Robot-assisted minimally invasive surgical systems enable procedures with reduced pain, recovery time, and scarring compared to traditional surgery. While these improvements benefit a large number of patients, safe access to diseased sites is not always possible for specialized patient groups, including pediatric patients, due to their anatomical differences. We propose a patient-specific design paradigm that leverages the surgeon's expertise to design and fabricate robots based on preoperative medical images. The components of the patient-specific robot design process are a virtual reality design interface enabling the surgeon to design patient-specific tools, 3-D printing of these tools with a biodegradable polyester, and an actuation and control system for deployment. The designed robot is a concentric tube robot, a type of continuum robot constructed from precurved, elastic, nesting tubes. We demonstrate the overall patient-specific design workflow, from preoperative images to physical implementation, for an example clinical scenario: nonlinear renal access to a pediatric kidney. We also measure the system's behavior as it is deployed through real and artificial tissue. System integration and successful benchtop experiments in ex vivo liver and in a phantom patient model demonstrate the feasibility of using a patient-specific design workflow to plan, fabricate, and deploy personalized, flexible continuum robots.

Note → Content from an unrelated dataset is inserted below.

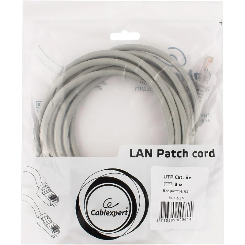 Патч-корд UTP Cablexpert PP12-3M кат.5e, 3м, серый
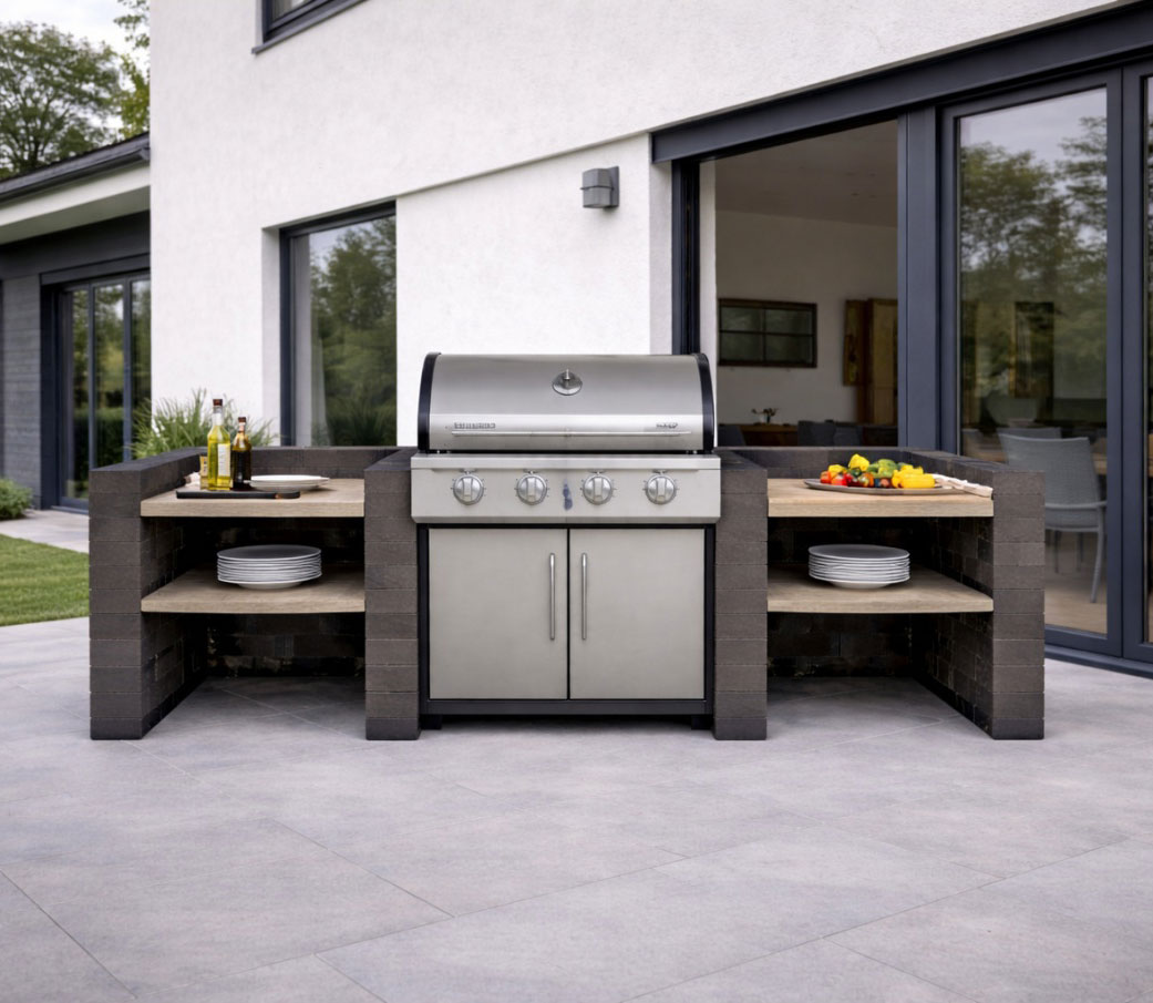 Massive Gartenküche aus echten Klinkern – einfach selbst bauen mit dem HelloBrick System. Die Steine werden ohne Schneiden gestapelt und mit HelloFix verklebt. Die stabile Konstruktion eignet sich perfekt als Grillstation oder Outdoor-Arbeitsfläche.

Designing Stable Concentric Tube Robots Using Piecewise Straight Tubes

Concentric tube robots experience elastic instability when the potential energy stored in torsional twisting of the tubes is suddenly released. To date, ensuring stability for all possible rotational configurations has involved constraining the precurvatures and/or precurved lengths of the tubes comprising the robot, which results in limitations on robot curvature and workspace. This paper presents a design approach that eliminates the constraints on tube precurvature and length for stable rotation. The idea is to compose designs in which, at every point along the length of a robot, a single tube is precurved and the others are straight. The resulting designs do not experience any precurvature-induced torsional tube twisting and so are stable regardless of precurvature and length. This design concept can be usefully employed at the tip of a robot to provide a large stable range of tip orientation angles. A stability analysis is provided for designs composed of an arbitrary number of tubes and design rules are provided for tube pairs that can produce tip angles varying from zero to a desired maximum value. The method is validated experimentally for a tube pair comprised of three sections.